Advertisement

Recap: Fargo’s TV premiere has a killer start on SBS

Executive produced by the Coen Brothers and loosely based on their 1996 film of the same, Fargo debuted on SBS One last week. The show takes its cues from the ‘world’ of the original film with icy landscapes, suffocating small town manners and sporadic fits violence delivered with grim, black humour.

The original cast included WIlliam H. Macy, Steve Buscemi and Frances McDormand, who won an Academy Award for best actress for her role as a pregnant police officer in the movie. The film also won an Oscar for best original screenplay for the Coens.

While the Coens are on board the new production, its director Noah Hawley who has written and directed the TV version of the story.

Starring Billy Bob Thornton (Sling Blade), Martin Freeman (The Office) and newcomer Allison Tolman, who plays the female lead, Deputy Molly Solverson, Fargo is two episodes in and is already attracting huge applause for its quirky black comedy.

We recap the first two episodes.

Episode 1 – The Crocodile’s Tears

Malvo

The series premieres with Lorne Malvo (Billy Bob Thornton, sporting a Lloyd Christmas haircut), wrecking his car on a quiet freeway on a wintry night.

Lester (Martin Freeman) and Malvo (Billy Bob Thornton) talk murder in Fargo.

Lester (Martin Freeman) and Malvo (Billy Bob Thornton) talk murder in Fargo.

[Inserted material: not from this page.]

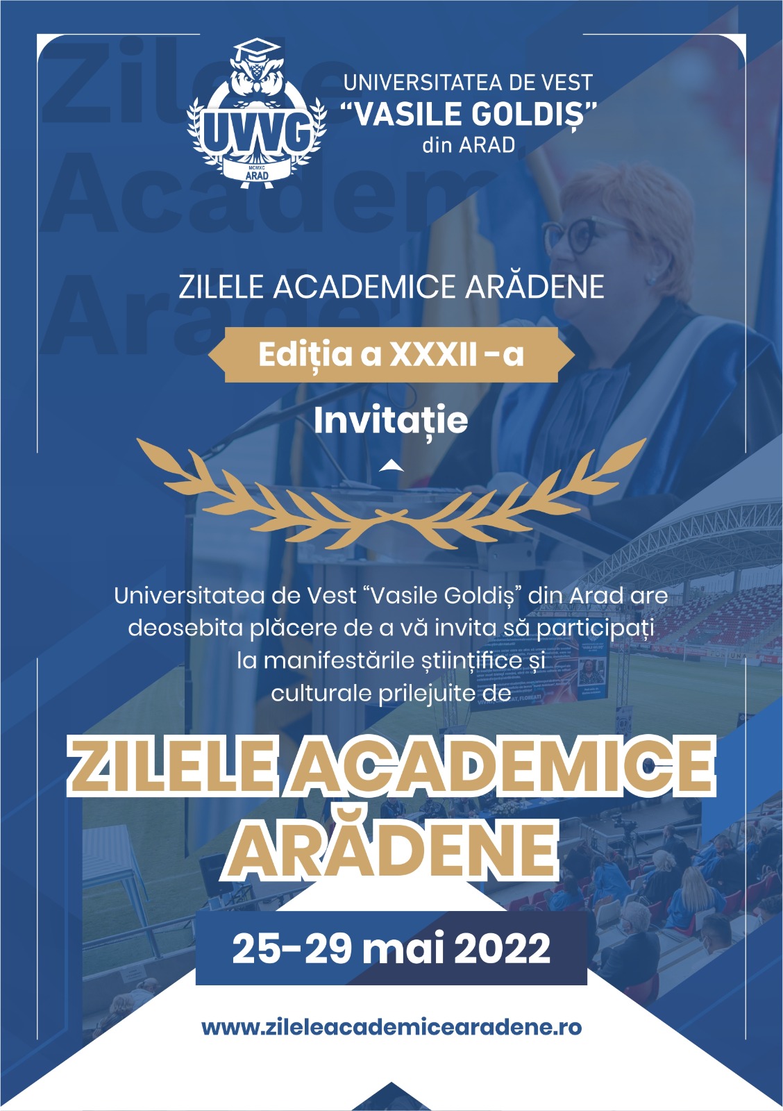 Cetate a ştiinţei şi culturii arădene, transilvane şi euro-regionale, integrată în spaţiul european al cercetării şi educaţiei, afiliată la organizaţii internaţionale, Universitatea de Vest „Vasile Goldiş” din Arad marchează şi în acest an Zilele Academice Arădene, ale căror baze au fost puse în urmă cu 32 de ani de regretatul rector-fondator, prof. univ. dr. Aurel Ardelean. Şi în acest an, Zilele Academice Arădene, programate în perioada 25-29 mai, vor avea parte de invitaţi speciali şi o tematică de real interes, conducerea Universităţii de Vest „Vasile Goldiş” din Arad, în special prin rectorul instituţiei, prof. univ. dr. Coralia Adina Cotoraci, acordănd o atenţie deosebită procesului de internaţionalizare a Universităţii.

Photo: Supplied

His boot opens and a man gagged and in his underpants jumps out and runs off into the snowy landscape.  Malvo, having been injured in the car accident, is left to recuperate in the small town of Bemidji, Minnesota.  Malvo, it turns out, is a darkly philosophical hit man and small time Iago, who – for no particular reason – interferes in the lives of complete strangers.

Lester

While Malvo is being treated at the local hospital he meets Lester Nygaard (Martin Freeman, doing his best William H. Macy).  Lester is a put upon insurance salesman who is treated with contempt by his own friends and family (especially his wife, Pearl). Lester’s only response to these indignities is it to be achingly polite.

A run in with an old school bully Sam Hess leads to a trip to the emergency room. Hearing his story, Malvo sneers at Lester’s weakness and offers to murder Hess.  Lester is incredulous, but their meeting ends ambiguously.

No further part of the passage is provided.